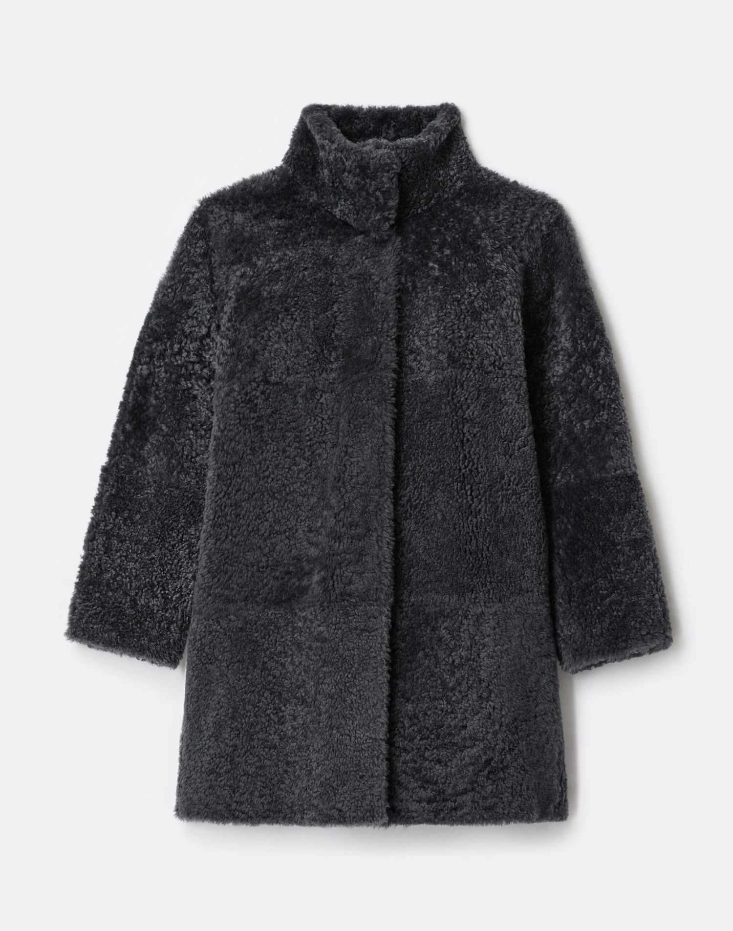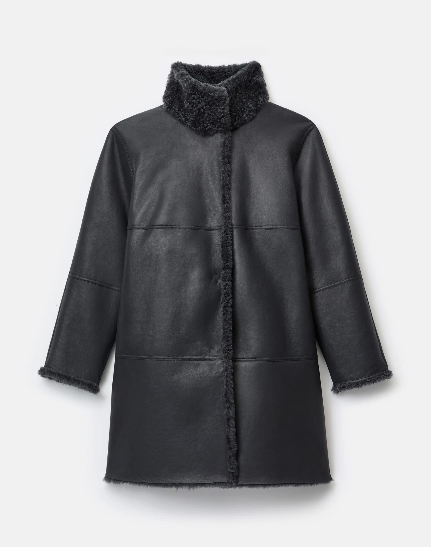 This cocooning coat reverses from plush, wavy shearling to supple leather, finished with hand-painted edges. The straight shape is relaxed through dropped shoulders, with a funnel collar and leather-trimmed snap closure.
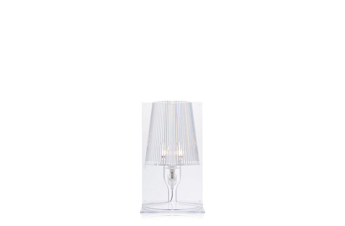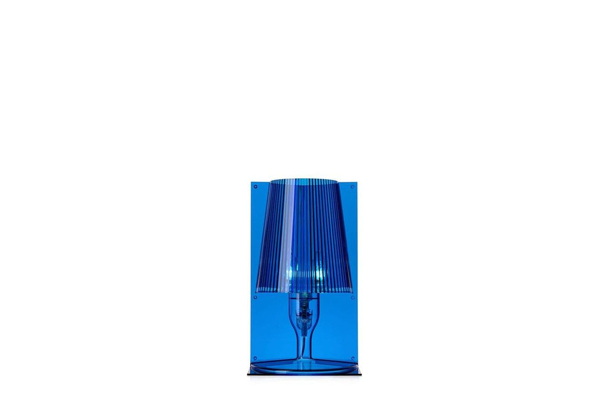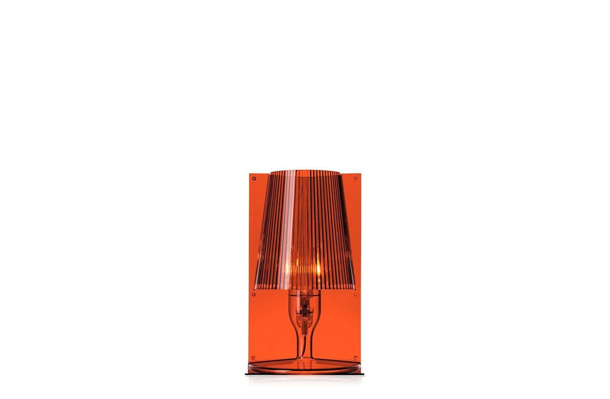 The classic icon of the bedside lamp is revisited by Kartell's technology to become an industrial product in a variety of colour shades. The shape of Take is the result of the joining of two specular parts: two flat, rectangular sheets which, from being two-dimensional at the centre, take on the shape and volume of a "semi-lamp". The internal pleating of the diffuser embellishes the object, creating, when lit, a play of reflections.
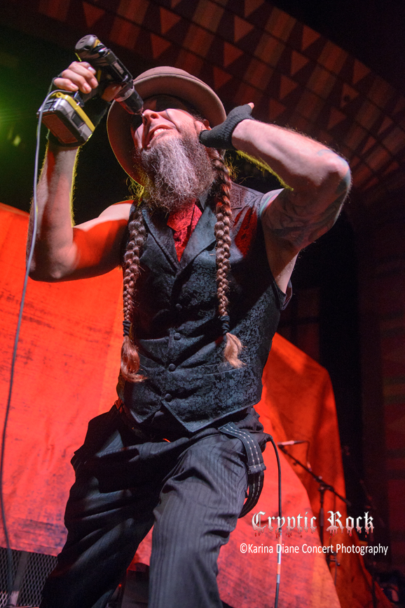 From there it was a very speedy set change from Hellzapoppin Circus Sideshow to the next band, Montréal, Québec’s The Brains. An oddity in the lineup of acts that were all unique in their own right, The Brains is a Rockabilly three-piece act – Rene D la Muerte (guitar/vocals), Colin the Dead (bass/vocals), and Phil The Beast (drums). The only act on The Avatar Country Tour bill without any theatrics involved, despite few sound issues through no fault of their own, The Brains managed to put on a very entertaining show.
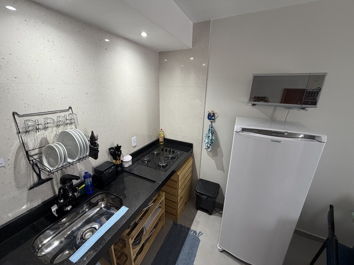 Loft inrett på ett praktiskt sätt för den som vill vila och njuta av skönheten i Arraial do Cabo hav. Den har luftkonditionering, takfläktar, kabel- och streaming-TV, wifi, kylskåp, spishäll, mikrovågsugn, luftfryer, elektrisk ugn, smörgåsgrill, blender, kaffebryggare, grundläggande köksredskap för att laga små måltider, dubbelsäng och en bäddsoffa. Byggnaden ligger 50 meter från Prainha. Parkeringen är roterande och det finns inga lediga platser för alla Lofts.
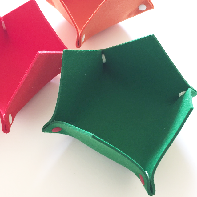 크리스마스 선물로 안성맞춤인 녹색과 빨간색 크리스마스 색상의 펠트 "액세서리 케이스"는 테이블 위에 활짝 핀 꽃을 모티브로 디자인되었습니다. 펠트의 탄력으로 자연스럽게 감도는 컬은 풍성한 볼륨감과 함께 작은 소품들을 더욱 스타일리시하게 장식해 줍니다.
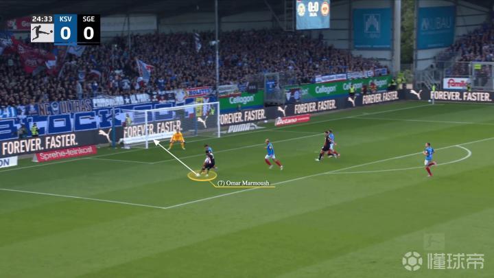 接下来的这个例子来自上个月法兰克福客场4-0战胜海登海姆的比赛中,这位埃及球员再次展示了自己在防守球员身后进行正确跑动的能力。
--------------------------------
TASK STATEMENT:
An exact restatement of the entries above is needed; no picture may appear in it.

RESULT OF THE TASK:
 This cocooning coat reverses from plush, wavy shearling to supple leather, finished with hand-painted edges. The straight shape is relaxed through dropped shoulders, with a funnel collar and leather-trimmed snap closure.
 The classic icon of the bedside lamp is revisited by Kartell's technology to become an industrial product in a variety of colour shades. The shape of Take is the result of the joining of two specular parts: two flat, rectangular sheets which, from being two-dimensional at the centre, take on the shape and volume of a "semi-lamp". The internal pleating of the diffuser embellishes the object, creating, when lit, a play of reflections.
 From there it was a very speedy set change from Hellzapoppin Circus Sideshow to the next band, Montréal, Québec’s The Brains. An oddity in the lineup of acts that were all unique in their own right, The Brains is a Rockabilly three-piece act – Rene D la Muerte (guitar/vocals), Colin the Dead (bass/vocals), and Phil The Beast (drums). The only act on The Avatar Country Tour bill without any theatrics involved, despite few sound issues through no fault of their own, The Brains managed to put on a very entertaining show.
 Loft inrett på ett praktiskt sätt för den som vill vila och njuta av skönheten i Arraial do Cabo hav. Den har luftkonditionering, takfläktar, kabel- och streaming-TV, wifi, kylskåp, spishäll, mikrovågsugn, luftfryer, elektrisk ugn, smörgåsgrill, blender, kaffebryggare, grundläggande köksredskap för att laga små måltider, dubbelsäng och en bäddsoffa. Byggnaden ligger 50 meter från Prainha. Parkeringen är roterande och det finns inga lediga platser för alla Lofts.
 크리스마스 선물로 안성맞춤인 녹색과 빨간색 크리스마스 색상의 펠트 "액세서리 케이스"는 테이블 위에 활짝 핀 꽃을 모티브로 디자인되었습니다. 펠트의 탄력으로 자연스럽게 감도는 컬은 풍성한 볼륨감과 함께 작은 소품들을 더욱 스타일리시하게 장식해 줍니다.
 接下来的这个例子来自上个月法兰克福客场4-0战胜海登海姆的比赛中,这位埃及球员再次展示了自己在防守球员身后进行正确跑动的能力。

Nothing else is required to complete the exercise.